前言
在对代码类型的数据集进行预处理的时候,通常一组文件需要经过多次处理,同时还需要保持目录结构不变。
以下以flask的代码作为数据集举例
raw-data目录:
flask
│ app.py
│ blueprints.py
│ cli.py
│ config.py
│ ctx.py
│ debughelpers.py
│ globals.py
│ helpers.py
│ logging.py
│ scaffold.py
│ sessions.py
│ signals.py
│ templating.py
│ testing.py
│ typing.py
│ views.py
│ wrappers.py
│ __init__.py
│ __main__.py
│
└─json
provider.py
tag.py
__init__.py
clean-data目录:
flask
│ app.py
│ blueprints.py
│ cli.py
│ config.py
│ ctx.py
│ debughelpers.py
│ globals.py
│ helpers.py
│ logging.py
│ scaffold.py
│ sessions.py
│ signals.py
│ templating.py
│ testing.py
│ typing.py
│ views.py
│ wrappers.py
│ __init__.py
│ __main__.py
│
└─json
provider.py
tag.py
__init__.py
json-data目录
proj_depends.json
proj_token_count.json
proj_token_no.json
encoded-data目录
│ flask_feature_data.csv
│ flask_feature_label.csv
│
└─flask
app.jsonl
blueprints.jsonl
cli.jsonl
__init__.jsonl
__main__.jsonl
logs目录
flask.log
这些文件有潜在的对应关系,并且代码中经常需要从一个路径转换到另一个路径的操作。如果每次都手动转换则不便管理,而且有时候根据文件名很难判断这是进行到哪一步的文件,因此想到了用变量的类型来表明这是进行到哪一步的文件,于是把路径的部分抽象出来重构出了path_utils.py。
完整代码
# _*_ coding: utf-8 _*_
# @Time : 2023/01/05 11:17:17
# @FileName: path_utils.py
# @Author :
# @Software: VSCode
import logging
from pathlib import Path, WindowsPath, PosixPath
# from config import config
import os
from typing import Generator, ClassVar, TypeVar
_cls = WindowsPath if os.name == 'nt' else PosixPath
loggers = {}
config = {
"datasets": {
"raw-data": "datasets/raw-data",
"clean-data": "datasets/clean-data",
"json-data": "datasets/json-data",
"encoded-data": "datasets/encoded-data",
"log": "logs"
}
}
# raw-data、clean-data、*tmp.py、json-data、*.jsonl、flask.jsonl、proj_*.json、feature_*.csv
class _PrefixPath(_cls):
"""
抽象的类,不应直接实例化此类。
join_path、rglob和with_suffix会直接返回自定义类型,所以不需要重写。
"""
prefix: ClassVar[str] = ""
# def __init__(self, prefix:str=prefix, *args, **kwargs) -> None:
# super().__init__(prefix, *args, *kwargs)

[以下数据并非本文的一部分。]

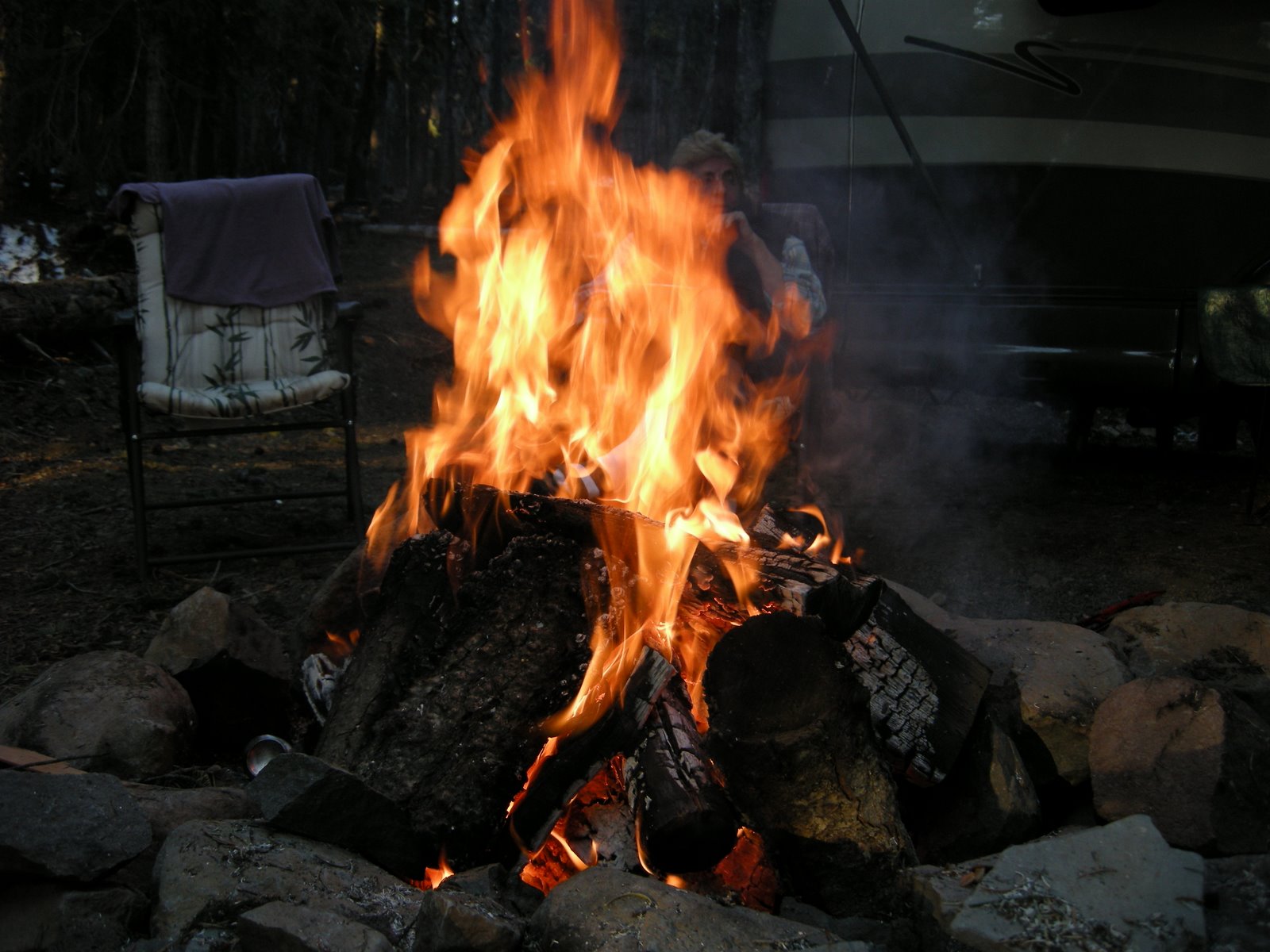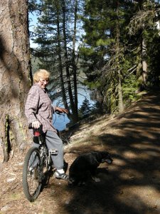 Home for a late lunch around 2, a bit of a rest, and then time to try the biking thing with Abby again. The trail around the lake is really amazing, so we decided to try it from this end of the lake along the east shore. It was a bit of a challenge this time, because Abby was all excited and wasn’t quite as easy to manage on the bike, but after a bit she settled down and is getting the hang of leading ahead of the bike without pulling. Sometimes she would get excited and think about chasing a squirrel or something, but overall she was good. We biked a couple of hours, enjoying especially the quieter parts of the trail where the campground was still closed. In spite of Abby’s new skills accompanying the bikes, my shoulders were pretty sore from trying to hold on to the handle bars and the dog as well. Hopefully it will get better as time goes on. The other thing that gets a bit dicey is coming upon other dogs in the biking situation, especially if they are not leashed. But so far, no real problems. When we finally did ride up to the MoHo it was with a bit of relief and both of us were pretty happy to be settling in for a campfire, a couple of brats and buns, and a nice evening.

def __new__(cls, *args, **kwargs):
if len(args) > 0 and issubclass(type(args[0]), _PrefixPath):
return args[0].change_to_path(cls)
return super().__new__(cls, cls.prefix, *args, **kwargs)
def __getnewargs__(self):
return self.get_relative_path().parts
def __reduce__(self): # 防止序列化后出现重复前缀
return type(self), self.__getnewargs__()
def change_to_path(self, path_type: type, *args, **kwargs): # 切换为另一个_PrefixPath类型
# if issubclass(path_type, type(self)):
# return path_type(self.get_relative_path(), prefix=self.prefix, *args, **kwargs)
return path_type(self.get_relative_path(), prefix=path_type.prefix, *args, **kwargs)
def make_parent_dirs(self, mode: int = 0o777, parents: bool = True,
exist_ok: bool = True) -> None: # pathlib里mode的默认值就是这样
return self.parent.mkdir(mode, parents, exist_ok)
def get_relative_path(self):
return Path(self.relative_to(self.prefix))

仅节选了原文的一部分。